There is a technology for calculating the state of charge (SOC) of a storage battery based on the correlation between an open circuit voltage (OCV) across the storage battery and the SOC of the storage battery.
Unfortunately, during charging or discharging of the storage battery, it is difficult to directly measure the OCV because a load is connected to the storage battery.
Another approach uses a close circuit voltage (CCV) across a storage battery based on an equivalent circuit, i.e. circuit model; the equivalent circuit equivalently simulates the electrical consequences of the chemical reactions inside the storage battery when a load is connected to the storage battery.
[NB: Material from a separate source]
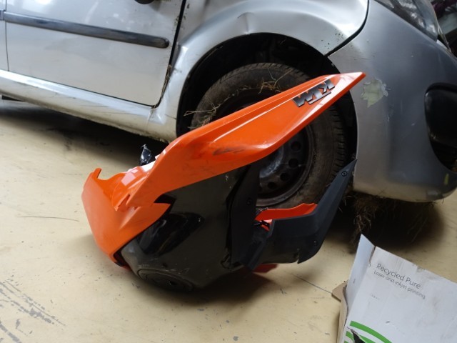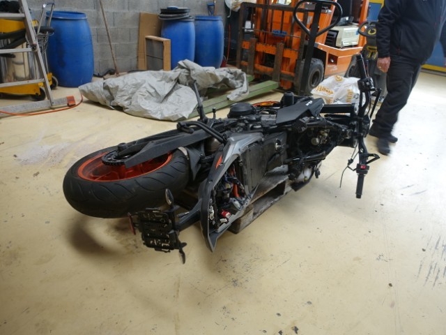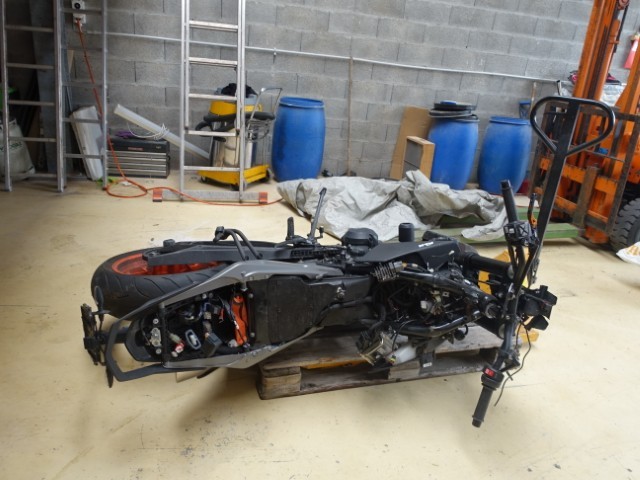 Felge + Reifen vorne — Vorderlager — Gabel vorne komplett — Lenker — Scheinwerfer vorne — Frontverkleidungen — Kühler — Auspuff — Tank — Verkleidungen hinten links + rechts. !!!!! Motorreserve !!!!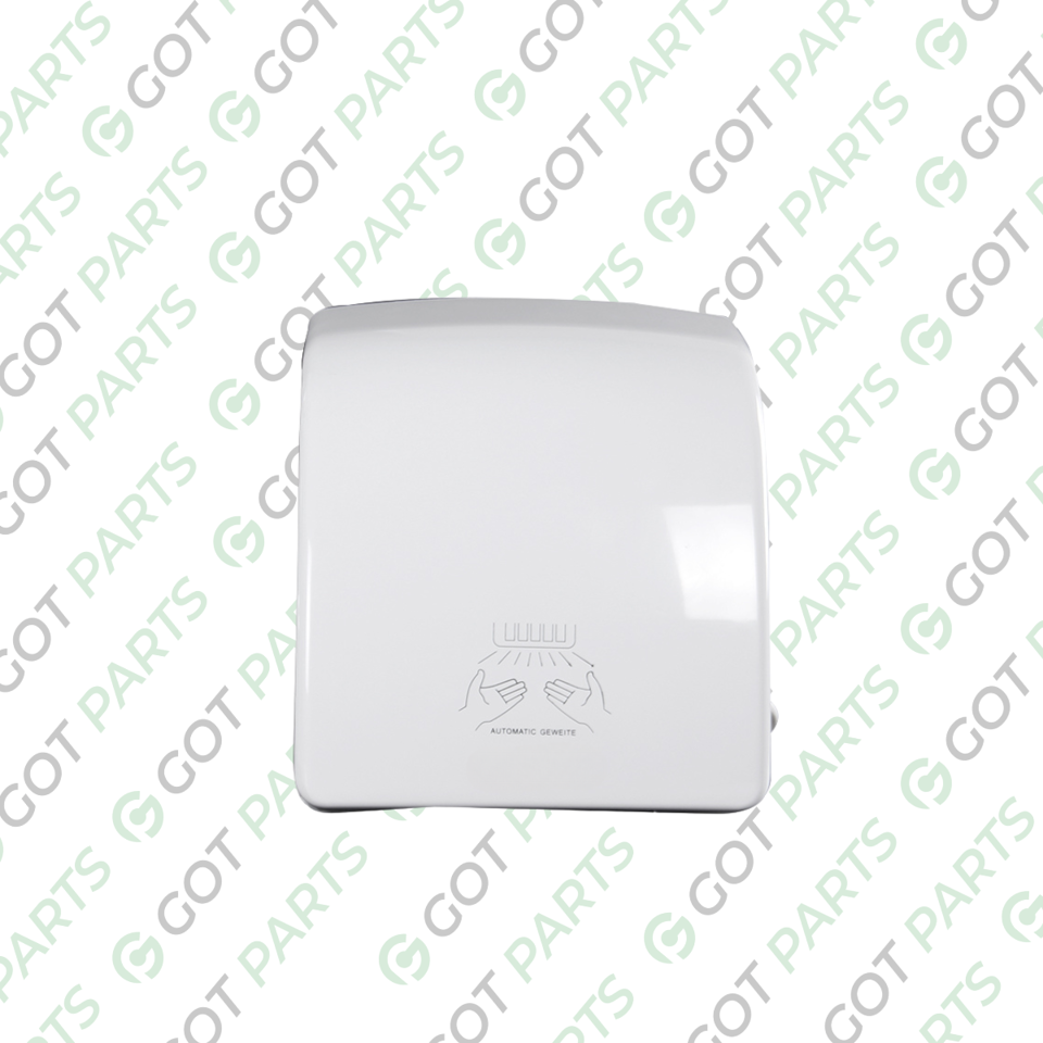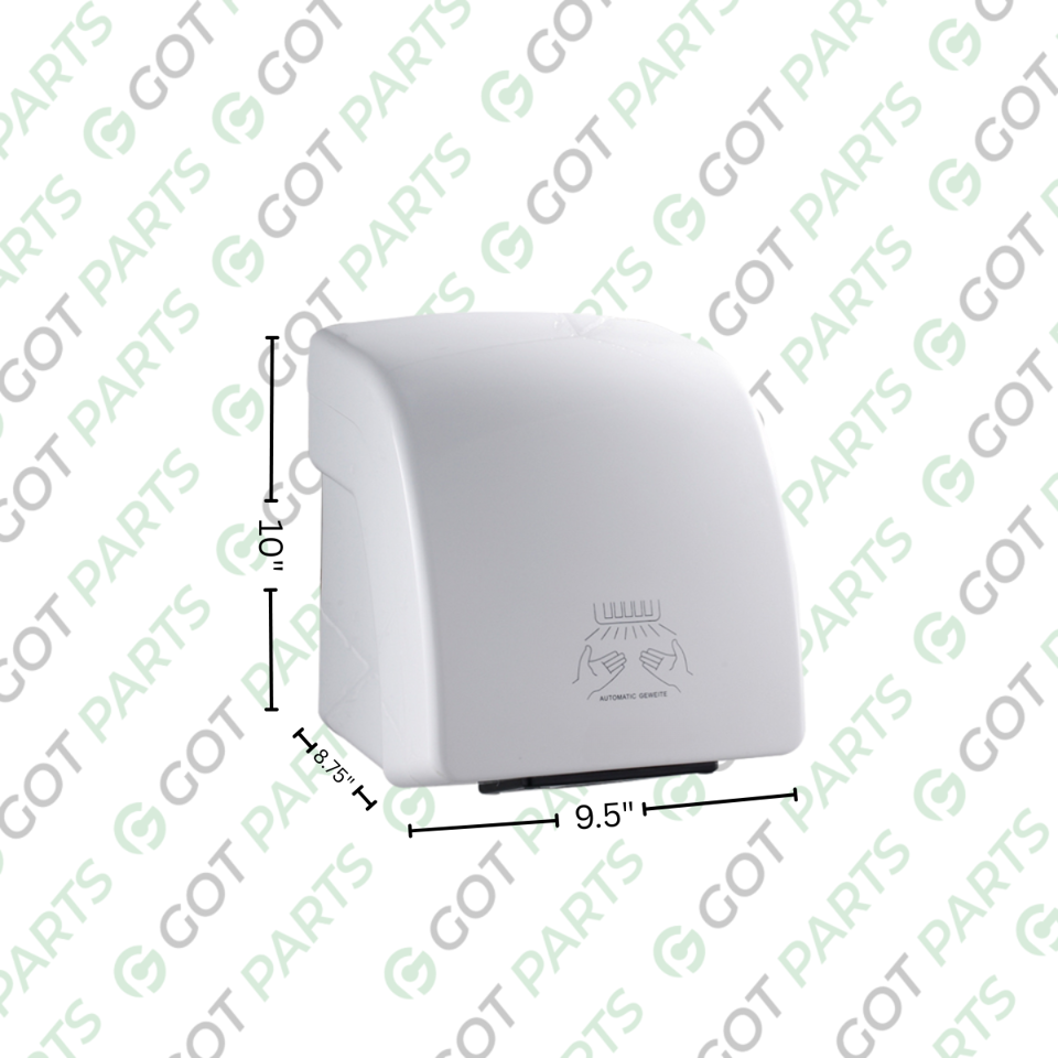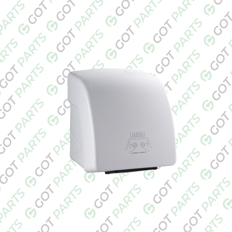 Classic white ABS plastic hand dryer. This accessory automatically shuts off after use to conserve energy. It has a compact size, ideal for both home and business use.

The equivalent circuit of the storage battery is comprised of an unknown OCV across the storage battery, and an internal impedance of the storage battery. The internal impedance of the storage battery is comprised of an internal resistance of the storage battery, and a parallel circuit of a polarization resistance and a capacitance, i.e. an electric double layer capacitance, of the storage battery, which are connected in parallel to each other. The OCV, the internal resistance, and the parallel circuit are connected in series. That is, the voltage across the equivalent circuit of the storage battery serves as the CCV across the storage battery.
Thus, calculating the, value of the CCV based on a predetermined value of the internal impedance during charging or discharging of the storage battery enables the unknown OCV to be calculated. The calculated OCV enables the SOC of the storage battery to be calculated.